Back up options after possible hard drive crash

T

Towaki Komatsu

Monday, February 16, 2004 6:57 p.m. Central time

After learning last week that a friend has recently been
getting both "Operating System Not Found" and "Beginning
Dump of Physical Memory" on her Sony Vaio VX88 laptop with
Windows XP Professional installed, I am hoping that
someone may be able to suggest what options are available
to her to backup her data before she may need to have her
hard drive replaced. Also, she indicated that she is
hearing a ticking sound that seems to be coming from the
hard drive.

To try to help her fix the problem, I already had her boot
up in Safe Mode successfully, then do error-checking on
her hard drive, followed by Disk Defragmenting on it too.
However, in the case of defragmenting her drive, once the
process reached 85% complete, a "Beginning Dump of
Physical Memory" message appeared.

Some of the possible backup options that I've thought
might work include:

a) attaching a Zip or Jazz drive to her laptop;
b) connecting her laptop to another computer by using a
null-modem connection after booting up in Safe Mode with
Networking Support;
c) seeing if she can somehow connect her laptop to the LAN
at her office, then either moving her files from her
laptop to another workstation in the office or to an e-
mail message as an attachment.

Also, in the event that she needs to have her hard drive
replaced, approximately how much will it likely cost?

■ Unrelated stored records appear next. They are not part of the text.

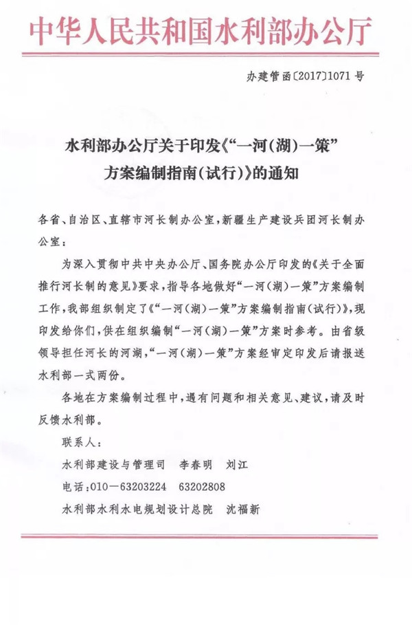 水利部辦公廳關(guān)于印發(fā)《"一河(湖)一策”方案編制指南(試行)》的通知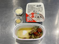 3)鍋に洋野菜とベーコンの塩麹ソテー、ごはん、水100ml、コンソメを入れ、中火で3分煮ます。味をみて足りなければ、塩で整えます。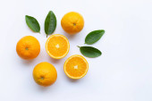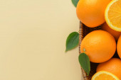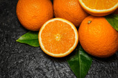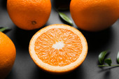 Świeże pomarańcze z zielonymi liśćmi na ciemnym tle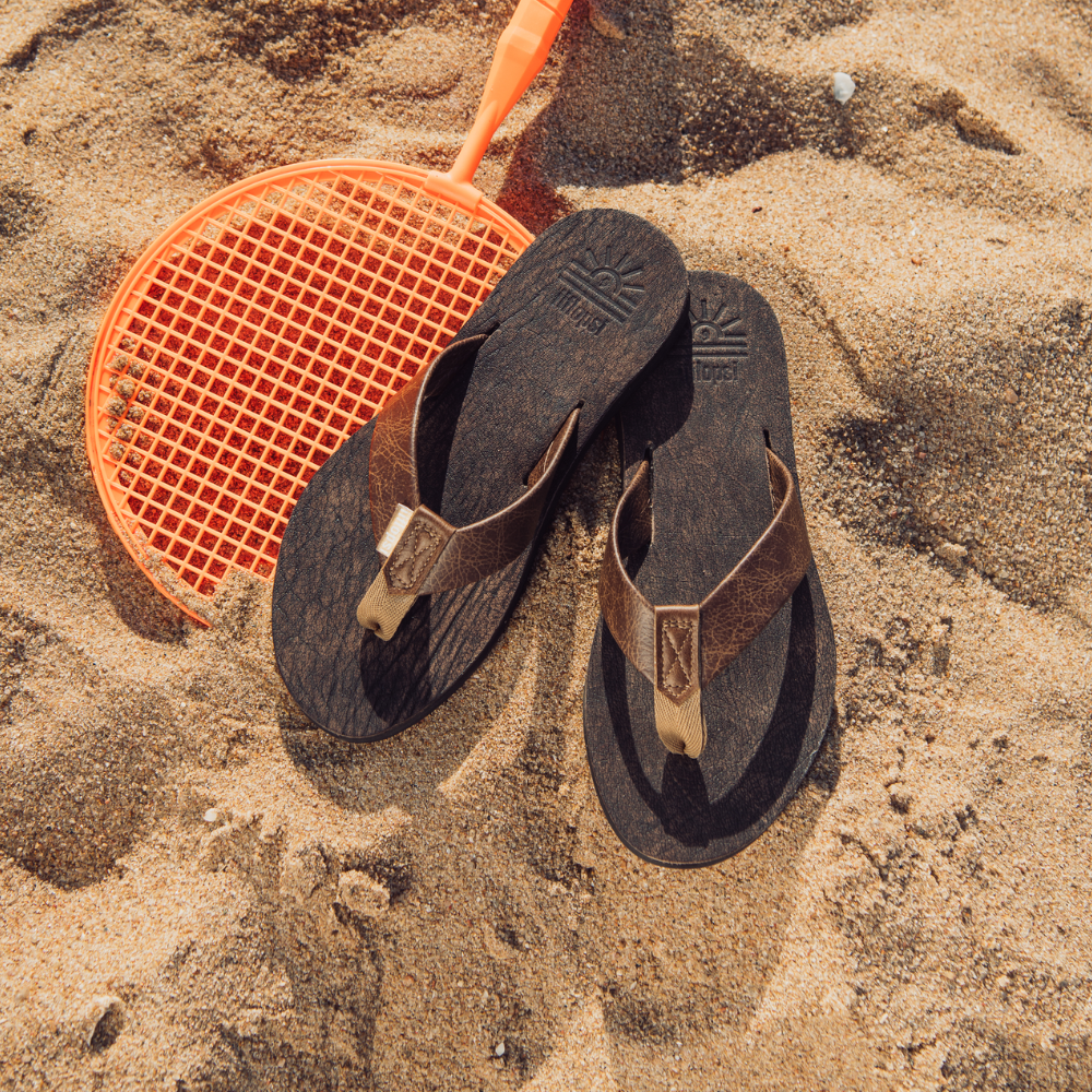 We wanted something truly South African, something that is truly unique, not only in the look, but in the feel too. After trialing a number of different types of exotic leathers, Genuine African Buffalo was the perfect fit! An extraordinary leather, very tough underneath and so very soft on the touch, perfect for a premium plakkie! We are very proud of our Buffalo Soldiers, and you will be too! These flip flops are designed with a cushioned footbed that offers excellent comfort for all-day wear. Its flexible rubber outsole ensures reliable traction, making it perfect for a variety of surfaces, whether you're heading to the beach with friends or going for a braai with family. With its combination of comfort, support, and sleek design, our iiflopsi Buffalo Soldiers are a perfect go-to footwear for those who want both style, functionality and durability. All of our materials are sources locally and we handmake each and every pair in our factory in KZN.
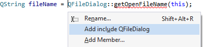 In most cases, Visual Assist adds the header that contains the definition of a symbol, not an umbrella header file that includes it and other related header files. There are a few exceptions for several popular libraries, including Boost and Qt. In these cases, Visual Assist suggests adding the umbrella header file.
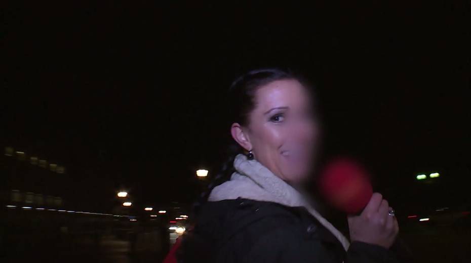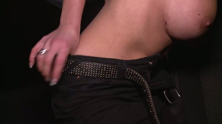 Slutty journalist Texas Patti is flashing big boobs before sex in the car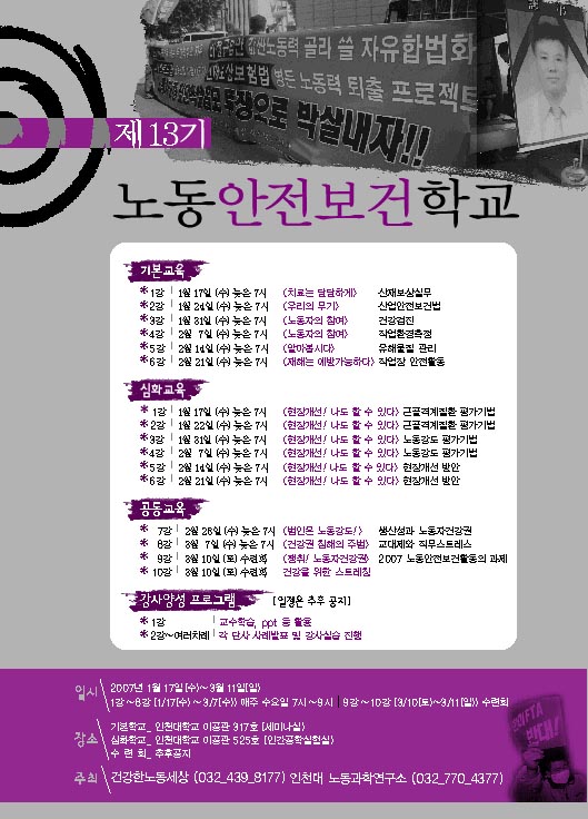9강 3.10(토) 수련회 <쟁취! 노동자건강권> 2007 노동안전보건활동의 과제

In any event, thank you in advance for your assistance.
 
T

Towaki Komatsu

After having tested a possible solution earlier today, I'm
adding a second posting to try to find out how I might be
able to enable the "write" functionality of a read-write
CD-Rom drive that is accessed after booting up in Safe
Mode with a Command Prompt. After booting up my system
that runs Windows XP Professional this way to find out if
my friend might possibly be able to backup her files by
copying them to a rewritable CD-Rom, I received a message
indicating that there was no disk in my CD-Rom drive after
I tried writing a file to a re-writable CD-Rom while there
was in fact a disk in the drive.
 
D

D.Currie

Safe mode only loads basic drivers, so it's probable that the write function
doesn't work. In older versions of Windows, generally the CD didn't work at
all.

Your best bet might be to remove the hard drive from the nonfunctional
computer, put it in a working machine, and copy the files that way.